From left to right: Denise Scotto, Co-Chair of the NY State Bar Association International Women’s Rights Committee, Jayne Huckerby, Adjunct Assistant Professor of Law, NYU School of Law, Gaynel Curry, Gender and Women’s Rights Advisor, Office of the UN High Commissioner for Human Rights, Karen Stefiszyn, human rights specialist at UN Development Fund for Women (UNIFEM), Janet Benshoof, President and Founder of the Global Justice Center, Shannon McNulty, Program Chair & Co-Chair of the NY State Bar Association International Women’s Rights Committee. / Nicole Schilit

The Convention on the Elimination of All Forms of Discrimination Against Women (CEDAW), adopted in 1979 by the United Nations General Assembly, is also known as the international bill of rights for women. CEDAW compels its signatories to create a normative framework of nondiscrimination and equality for women. In so doing, it addresses women’s civil, political, social, and economic rights in both the public and private spheres. Over the past 30 years, CEDAW has provided both the rhetoric and the international approval to overturn discriminatory laws and customs in many of the 186 countries that have ratified it. Although the United States is a glaring omission from that list of countries, policymakers in the U.S. must approach CEDAW’s ratification with political pragmatism.

In the U.S., CEDAW highlights many of the ideological rifts between conservatives and liberals. Conservative leaders claim that its ratification will overthrow American laws and values. Concerned Women of America, one conservative organization that promotes the integration of biblical values into public policy, contends that CEDAW is “a tool for radical feminists” to undermine family values, provide access to abortion, legalize prostitution, and eliminate all differences between men and women. In contrast, President Obama, Vice President Biden, Speaker Pelosi, and other liberal political leaders have pushed for CEDAW’s ratification in order to demonstrate support for gender equality both domestically and abroad. Currently, the version of CEDAW pending in the U.S. Senate includes numerous reservations, understandings and declarations, all of which essentially serve to tone down its so-called “radical” leanings.

At a March 30 event sponsored by the International Women’s Rights Committee of the New York State Bar Association, Janet Benshoof, founder and president of the Global Justice Center, asserted that it is worse to ratify CEDAW in its current state than to skip ratification altogether.
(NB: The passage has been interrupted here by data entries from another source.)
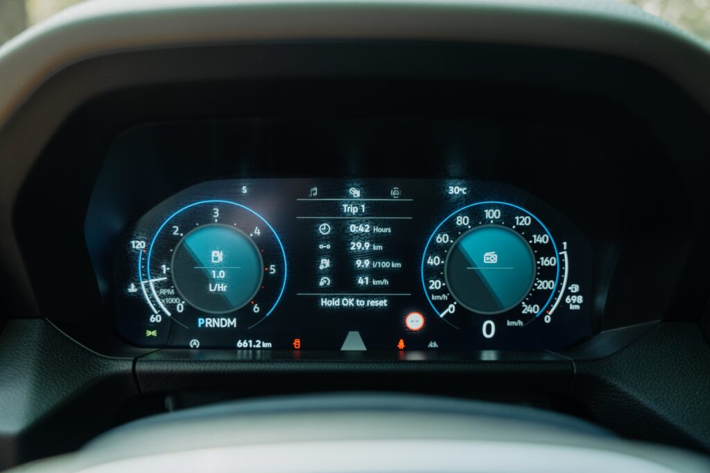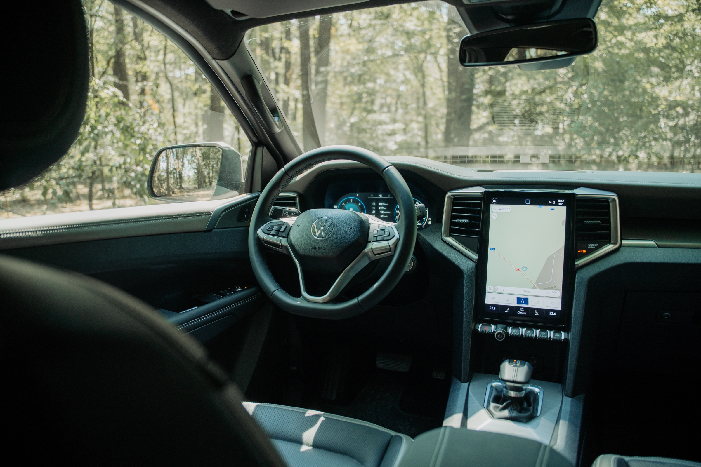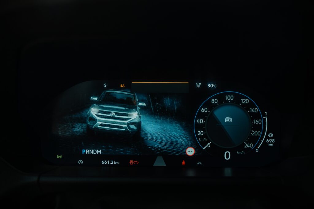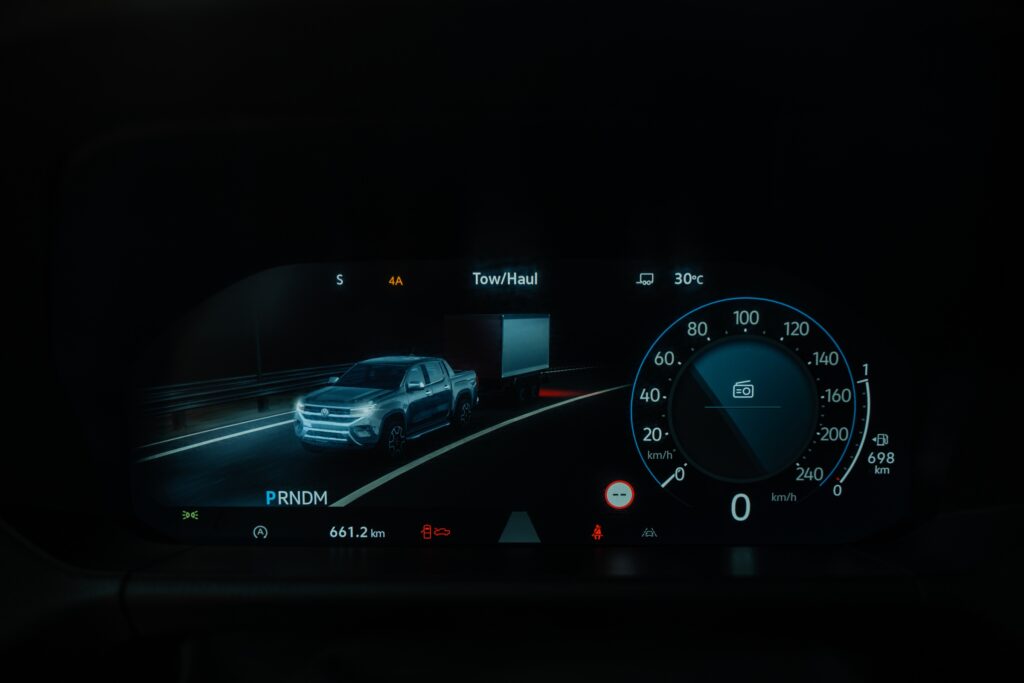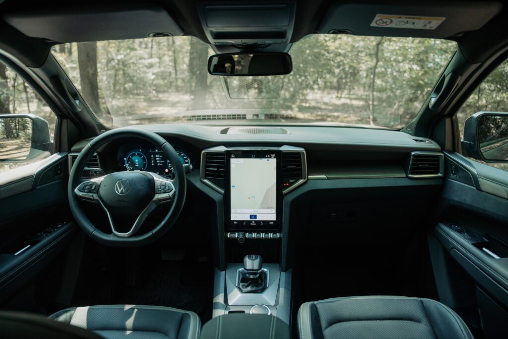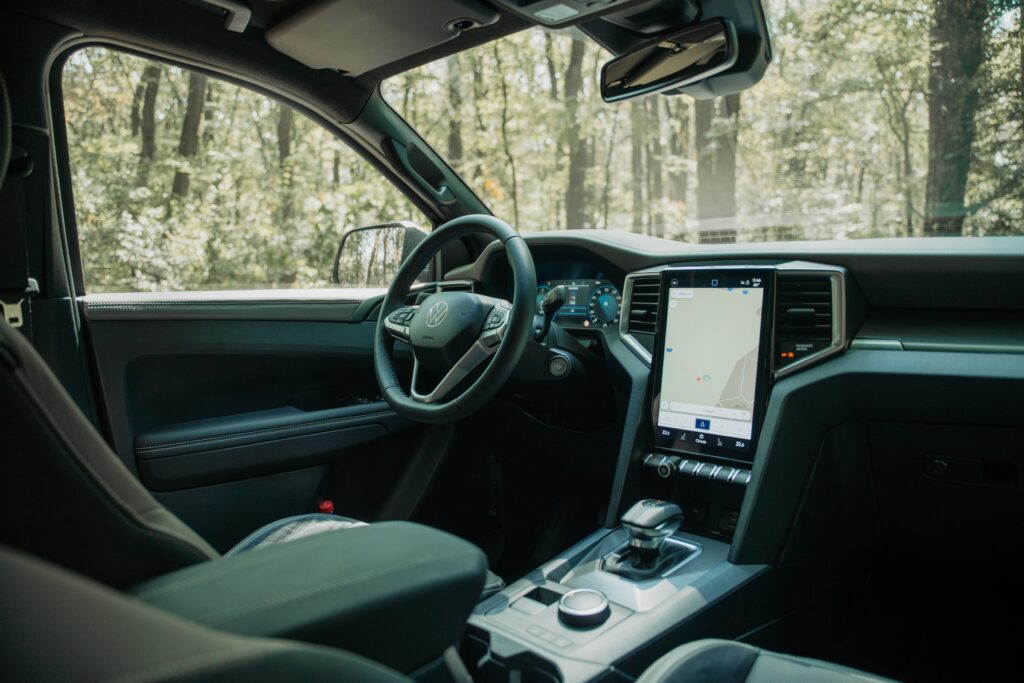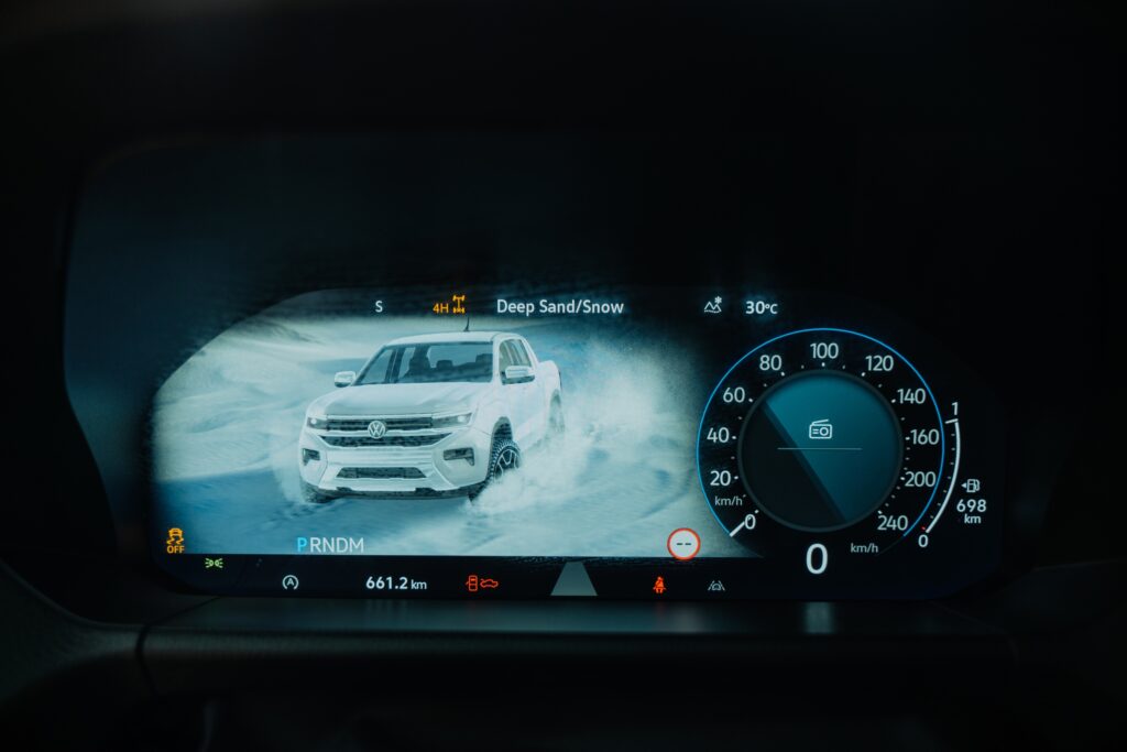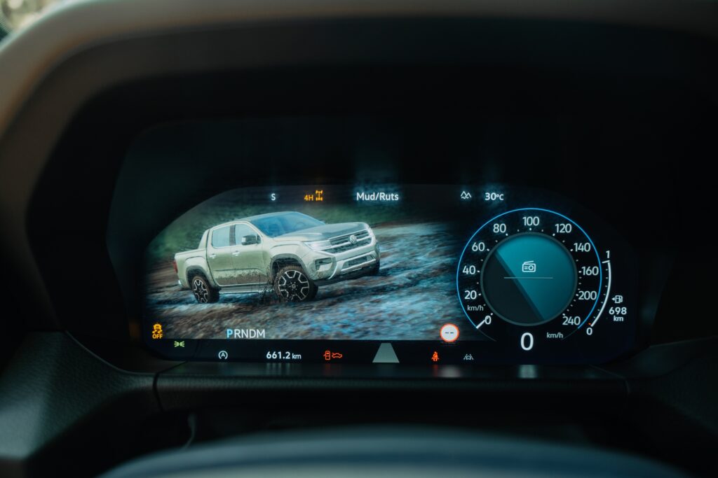 Nu sunt vreun fan al meniurilor pom de crăciun, dar meniul celui de la Amarok pare evadat de la cursul de desen tehnic: dacă fundalul oferea o sugestie de hârtie milimetrică, puteai avea senzația că ești la cursuri. Și toată această rigoare intră ușor în conflict cu „dramatismul” grafic afișat de tabloul de bord la selectarea unui mod de rulare. Aș amenda puțin și ergonomia – apeși un buton al claviaturii, după care intri într-un meniu al display-ului central de unde alegi ce vrei și apoi urmărești pelicula de pe display-ul de 12.3 inch al tabloului de bord. Conectivitate este ușoară, fără a fi nevoit să urci la volan cu vreo diplomă în acest sens.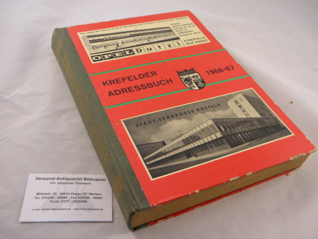 KREFELD.– KREFELDER ADRESBUCH 1966/67.– Aachen (Wendler), 1966. Gr. 4°. 12 Bl., 309, 270, 32, 16, 62 S. und einer farb. Stadtkarte im Anhang. ill. OHLn. gutes Ex. Mit der Sortierung nach Einwohner, Straßen, Branchen und Behörden.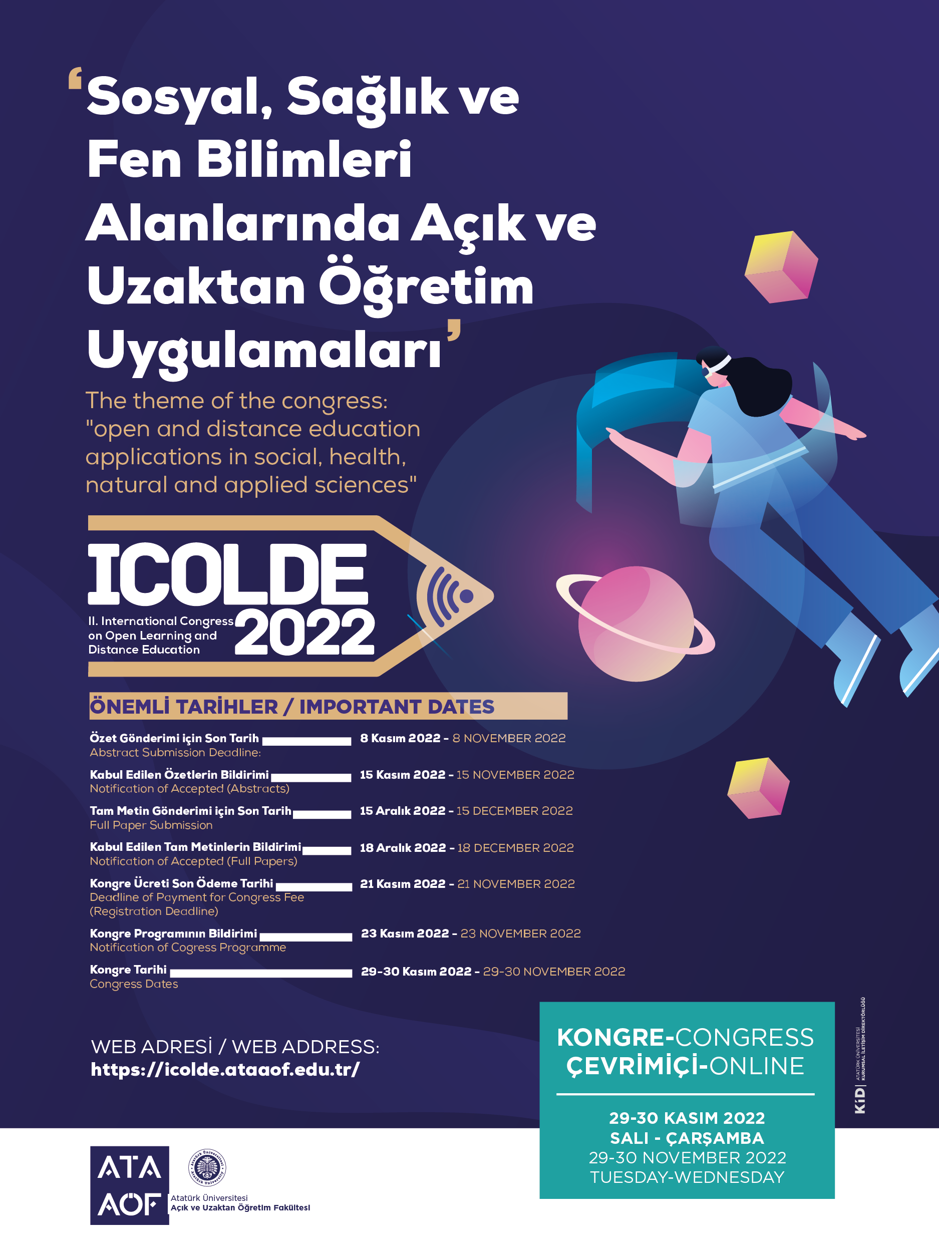 Atatürk Üniversitesi Açık ve Uzaktan Öğretim Fakültesi tarafından 29-30 Kasım 2022 tarihleri arasında “Sosyal, Sağlık ve Fen Bilimleri Alanlarında Açık ve Uzaktan Öğretim Uygulamaları” konulu kongre düzenlenecektir.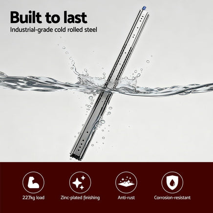 The Giantz Heavy Duty Drawer Slides come as a pair, measuring 76mm in width and 19.5mm in thickness, with a full extension range from 1321mm to 2642mm. The three-section ball bearing design ensures smooth and quiet sliding.The secure lock-in and lock-out mechanism keeps drawers safely fixed in the fully closed or fully extended position, preventing accidental overextension or detachment from the tracks. Crafted from robust cold rolled steel with a corrosion-resistant zinc plated finish, these slides support up to 227kg load capacity, providing reliable strength for heavy storage.Ideal for large drawers, cabinets, industrial storage, vehicle fit-outs, and multimedia equipment, these slides are versatile and built to last. Each set includes two slides, 12 x M5 screws, and 12 x M5 screw nuts as a bonus for easy installation.
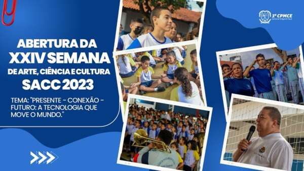 Na manhã de hoje, 16, o comandante do 1º CPMCE-GEF, Tenente Coronel Fechine, anunciou a abertura da XXIV Semana de Arte, Ciência e Cultura – SACC 2023. A semana cultural ocorrerá entre os dias 16 e 20 de outubro, com o tema: “Presente – Conexão – Futuro: A Tecnologia que move o Mundo”.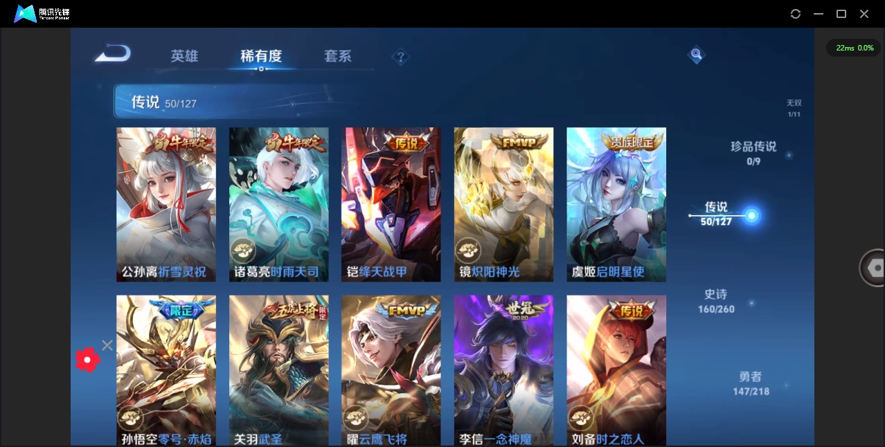 - [11714400]V6 1无双 1珍品传说 5传说 121英雄 136皮肤 可修改实名 貂蝉小国标 优质装备:离恨烟(公孙离无双),器灵·落星盏,炽阳神光,仲夏夜之梦(大飞蛾) 传说皮:幻光神枪 限定皮:愿照·九州拓(澜年限),陌上桑,鸣野蒿,至尊宝,玉兔公主 史诗皮:器灵·浮梦炉,化蝶舞,星界战将,龙之律动,怒海争锋,炽弈燎原,破空之剑,蒙犽顽岩魄,芈月浮光幕影,蔬乡物语(鲁班七号),百相守梦-百里守约,百相守梦-黄忠,遇见神鹿,紫霞仙子,黄金分割率,特工魅影,猫狗日记-孙策,节奏热浪,水果甜心,星夜王子,功夫厨神,暗隐猎兽者,鬼剑武藏,舞动绿茵,缤纷独角兽,乘风破浪,水晶猎龙者,曙光守护者,原初追逐者,圣诞狂欢,圣诞恋歌,鹰眼统帅,魅力维加斯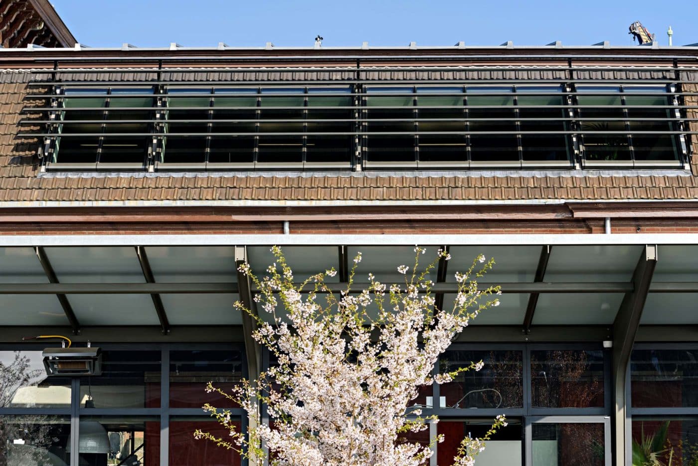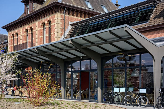 Aan de voorzijde sluit het stationsgebouw naadloos aan op het voorplein met het busstation. Bezoekers van het restaurant betreden het gebouw vanaf de stoep via het brede bordes naar de centrale hal, precies zoals men dat vroeger deed om de trein te halen. Aan de achterzijde is de situatie flink veranderd. Waar oorspronkelijk direct aan de achterzijde van het stationsgebouw de perrons en sporen lagen, is het nieuwe, verhoogde Park Spoorloos aangelegd, waaronder zich de fietsenstalling bevindt. De aansluiting tussen gebouw en park wordt versterkt door het ontwerp van de nieuwe “perronoverkapping”, een nieuwe serre over de gehele breedte van het stationsgebouw met donkere stalen spanten en een transparante gevel die doet denken aan de oorspronkelijke overkapping boven perron 1. De serre is voorzien van grote te openen glazen puien die in de zomer toegang bieden tot het terras dat onderdeel uitmaakt van het park.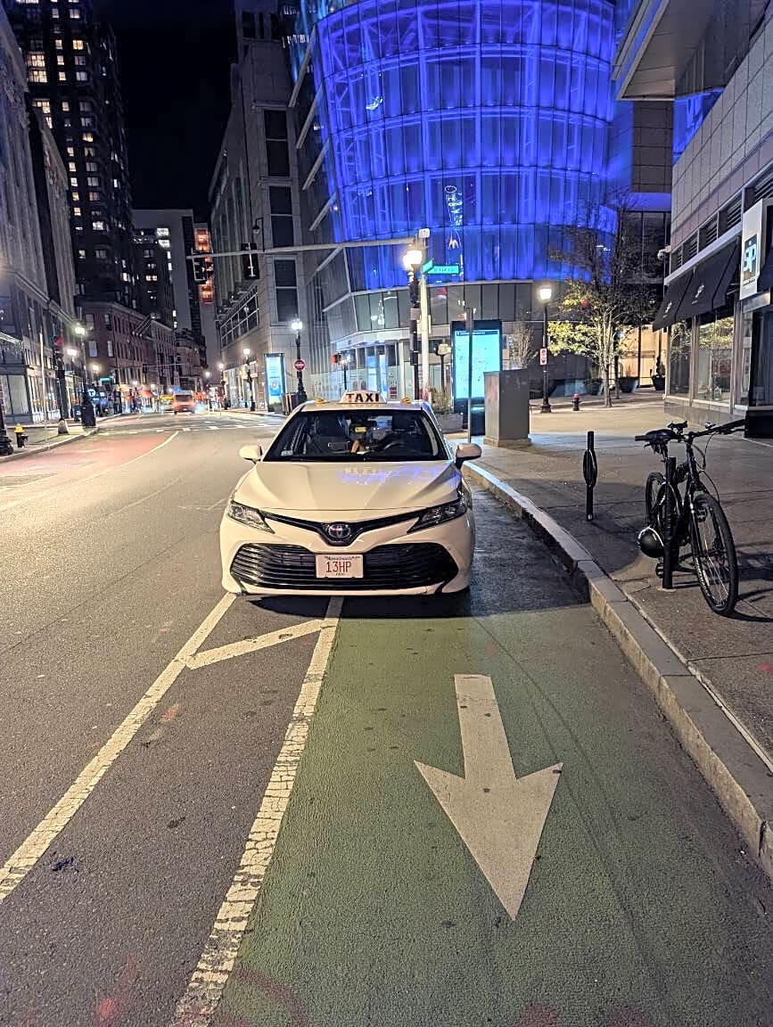 Intersection Of Ralphs Way And Brookline Ave, Boston, MaCar blocking bike lane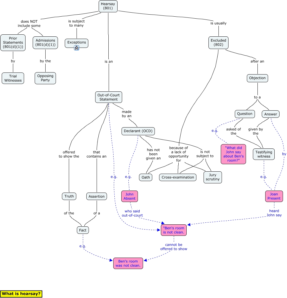 This Concept Map, created with IHMC CmapTools, has information related to: 800 Hearsay, Joan Present heard John say "Ben's room is not clean., Excluded (802) because of a lack of opportunity for Jury scrutiny, Truth of the Fact, Question asked of the Testifying witness, Out-of-Court Statement offered to show the Truth, Excluded (802) because of a lack of opportunity for Oath, Excluded (802) because of a lack of opportunity for Cross-examination, Prior Statements (801(d)(1)) by Trial Witnesses, Objection to a Question, Answer given by the Testifying witness, Assertion of a Fact, Declarant (OCD) is not subject to Jury scrutiny, Hearsay (801) is usually Excluded (802), Out-of-Court Statement that contains an Assertion, Question e.g. "What did John say about Ben's room?", Admissions (801(d)(1)) by the Opposing Party, Hearsay (801) is subject to many Exceptions, Answer by Joan Present, Fact e.g. Ben's room was not clean., Hearsay (801) is an Out-of-Court Statement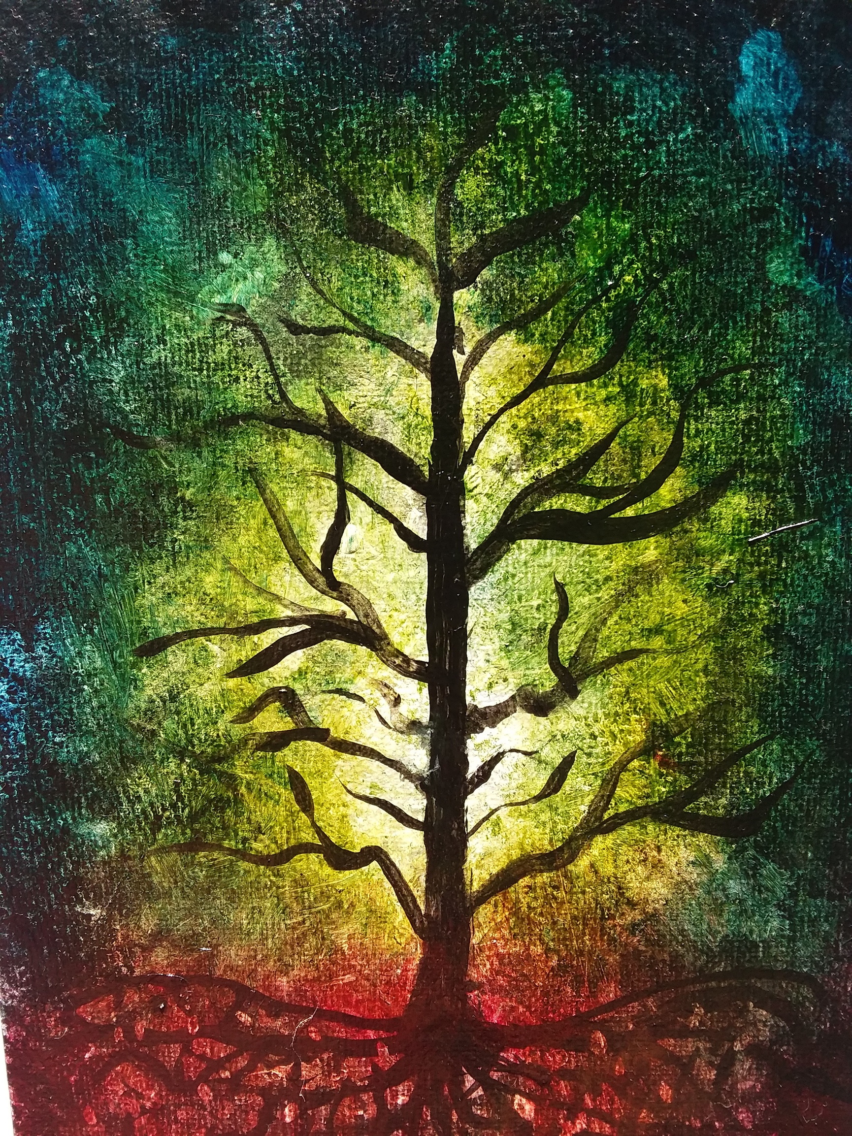 Just like music theory, in my mind. With painting, I haven’t a bit of formal training. I just took the inspiration from one of Bob Ross’s glazing techniques and went in my own weird direction. Now exploring concepts and symbology after the creative act.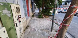 Πεζοδρόμιο-παγίδα στην Ανθίμου Γαζή: Κομμένη η προειδοποιητική ταινία, αλλά ο σοβάς...

Referring to the United States’ existing version of CEDAW as the “Twisted Sister” and “CEDAW-Lite,” Benshoof argues that ratifying CEDAW with reservations would be a “PR scheme for a global ad campaign,” effectively sidestepping CEDAW’s original intention to spur governments to enshrine its tenets into domestic law. Rather than adopting CEDAW with reservations, Benshoof declares that the U.S. must instead remove the qualifiers on CEDAW before ratification in order to convey a commitment to revolutionary change in U.S. law and to “send a message around the world that CEDAW matters.”

While Janet Benshoof’s argument for a purist version of CEDAW is idealistic and theoretically sound, it is politically unfeasible. In a political climate rife with accusations of big government takeover, the idea of rewriting the U.S. Constitution to include the principle of gender equality; enacting legislation prohibiting discrimination against women; abolishing all discriminatory laws, customs, and practices; and ensuring that no public authority, private organization, or individual discriminates against women is unreasonable and maybe even naïve.

Although it is easy to refuse any ratification that is not a complete ratification, this all-or-nothing approach is devoid of both nuance and political savvy. Benshoof’s demands for total and instant gratification lack the patience that would be required for CEDAW’s acceptance by the U.S. Senate.

Historically, political upheaval of this sort usually only succeeds incrementally and imperfectly, especially in a viciously partisan climate. In March, President Obama signed a health care bill that has been toiled over since his presidential campaign in 2008. In fact, one could argue that this health care bill has been on the political agenda since Clinton’s push for universal health care in 1992, or since Johnson’s implementation of Medicare and Medicaid in 1965, or since Truman’s attempt at health reform in the 1940s, or even since FDR’s Social Security Act of 1935. In just the past year and half, the bill has undergone iteration after iteration, with politicians, nonprofit organizations, lobbyists, and the general public all getting involved in the debate.

The bill President Obama signed into law is not perfect, but it is a start. It provides a potential stepping-stone to achieving universal health care. It passed — albeit in imperfect form — because of the process of political deliberation that allowed politicians and all of their constituents the opportunity to join in, really learn what was happening, and feel comfortable with the systemic changes that are soon to come.

In the same way that achieving universal health care in the U.S. has been undertaken as a process, so must the CEDAW articles delineating gender equality. CEDAW doesn’t have to spur as enormous a debate or overhaul as health care reform did, but its full ratification will only come when idealism is tempered by patience and political acumen.

Published in RightsNews Volume 28, no. 2, April, 2010.